Lots of ugly running tracks.

Expected better from Chile

They should just let Mexico host one


----------



## malegi (Aug 21, 2010)

I want to go to Chile to watch the games. When will they start selling tickets ?


----------



## Post775 (Sep 19, 2012)

dvjmarcomatheus said:


> why a lot of stadiums? Four or will be good enough.
> I think the design those stadiums are boring.


No, they are not sufficient.


----------



## Nacho! (Jan 12, 2010)

malegi said:


> I want to go to Chile to watch the games. When will they start selling tickets ?


*1st to 26th October 2014*: Sale of tickets for all games in a city (e.g.: 5 games in Valparaíso) (This sale will be made ​​without knowing which teams will play in the city)

*After the draw of October 27*, tickets will be sold to follow each national team. 

For better information, follow this page


----------



## malegi (Aug 21, 2010)

Nacho! said:


> *1st to 26th October 2014*: Sale of tickets for all games in a city (e.g.: 5 games in Valparaíso) (This sale will be made ​​without knowing which teams will play in the city)
> 
> *After the draw of October 27*, tickets will be sold to follow each national team.
> 
> For better information, follow this page


Gracias


----------



## |WTKI| (Nov 1, 2009)

hngcm said:


> Lots of ugly running tracks.
> 
> Expected better from Chile
> 
> They should just let Mexico host one


Mexico isn't part of CONMEBOL. It's a guest team.

Running tracks are necessary because chilean stadiums are not built only for football events, but also for other sports like athletics.


----------



## TEBC (Dec 26, 2004)

will be fun


----------



## Nacho! (Jan 12, 2010)

Aerial view of Stadium Calvo and Bascuñan of Antofagasta, Chile


----------



## Nacho! (Jan 12, 2010)

Aerial view of the National Stadium of Chile, in Santiago.


----------



## NoXi (Oct 16, 2005)

The drones view is amazing


----------



## |WTKI| (Nov 1, 2009)

^^ I agree. I just hope the Ester Roa stadium at Concepción will be ok for next year. Just remembered the experience when the U-23 Chilean National Team played there the 2004 CONMEBOL Men Pre-Olympic Tournament. It was a whole success! An average attendance of 27,250 spectators during matches of ’La Roja' and an average attendance of 13,616 spectators in matches of the other CONMEBOL teams.


----------



## Luan SR (Mar 13, 2011)

Enjoyed the Estadio Germán Becker, the only one who does not have a track, and now it pleases me very much. Also has a simple cover and with a very elegant interior. 

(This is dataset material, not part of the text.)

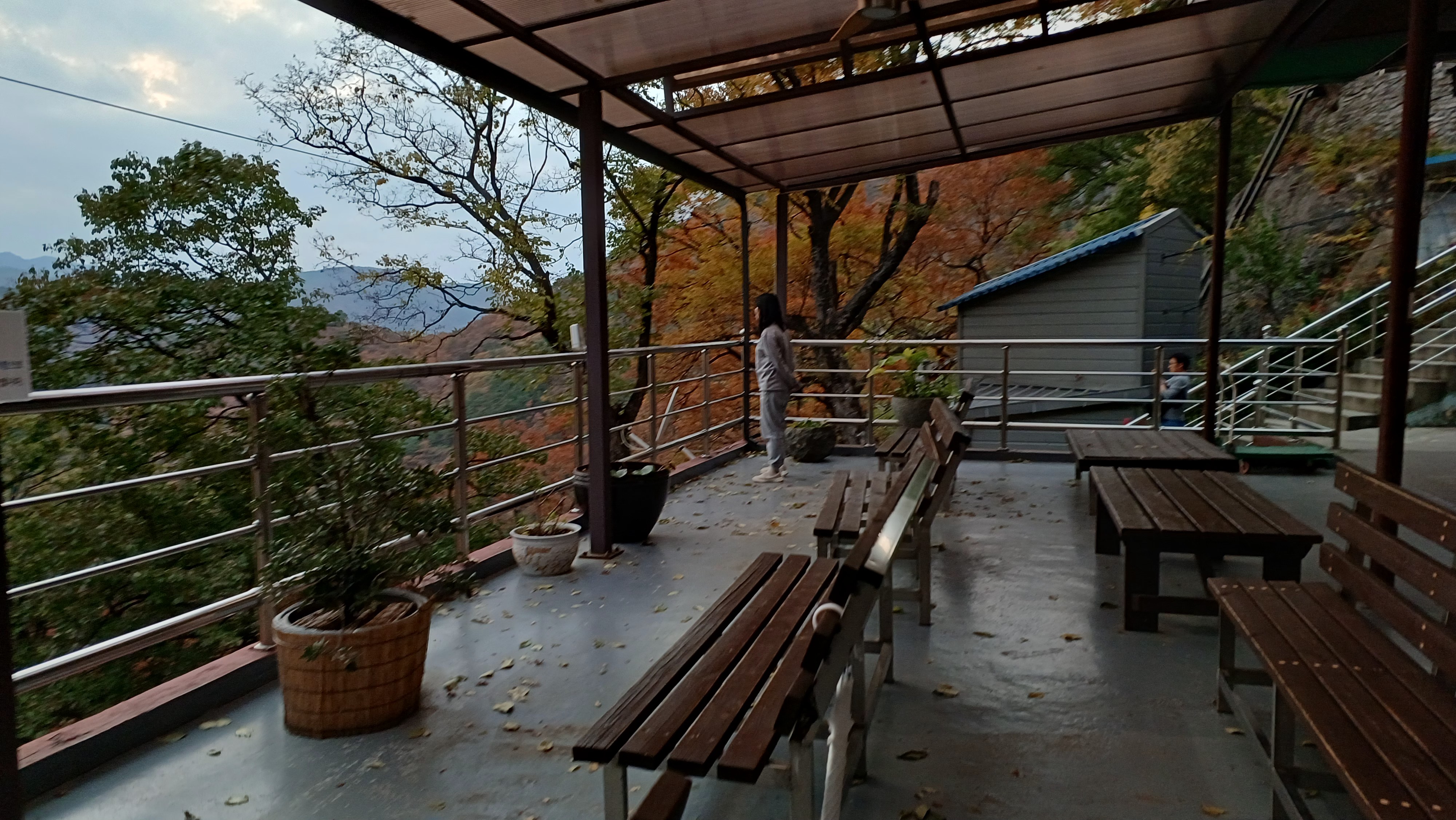 휴게소 끝 계단 쪽에는 공양을 할 수 있는 식당이 있었는데, 보살님께 여쭤보니 거의 24시간 운영된다고 합니다! 사찰 음식을 좋아하는 저는 공양을 하고 싶었지만, 이상하게 남편이 이번에는 당기지 않는다고 완강히 거부하더라고요. 결국 남편은 따뜻한 커피, 저는 달달한 코코아를 마시며 잠시 휴식을 취하며 멋진 경치를 감상했습니다.

It's a pity that the Estadio Monumental does not participate.

I cheer a lot for that Chile makes a great Copa América, and I'm sure they will do so.


----------



## |WTKI| (Nov 1, 2009)

Luan SR said:


> [...]
> 
> It's a pity that the Estadio Monumental does not participate.
> 
> [...]


Unfortunately the Estadio Monumental David Arellano is owned by Colo-Colo and as a nongovernmental entity, can't be part of host stadiums.


----------



## Loungealex (Mar 20, 2013)

Luan SR said:


> Enjoyed the Estadio Germán Becker, the only one who does not have a track, and now it pleases me very much. Also has a simple cover and with a very elegant interior.
> 
> It's a pity that the Estadio Monumental does not participate.
> 
> I cheer a lot for that Chile makes a great Copa América, and I'm sure they will do so.


Estadio Sausalito doesn't have a running track either!


----------



## ftcr92 (Jan 19, 2009)

300 millones anuales contará mantener el estadio de 18.500. Imposible mantener uno de 30.000 con la cantidad de gente que va al estadio.


----------



## alex_lg (Apr 23, 2010)

NORIND said:


> la verdad si me parece muy poco, minimo 30.000 es bueno para un estadio de futbol


Si "argentinizamos" este estadio, quitando las butacas de las cabeceras, y además unimos las distintas secciones de la segunda bandeja, tendremos un estadio para 30.000.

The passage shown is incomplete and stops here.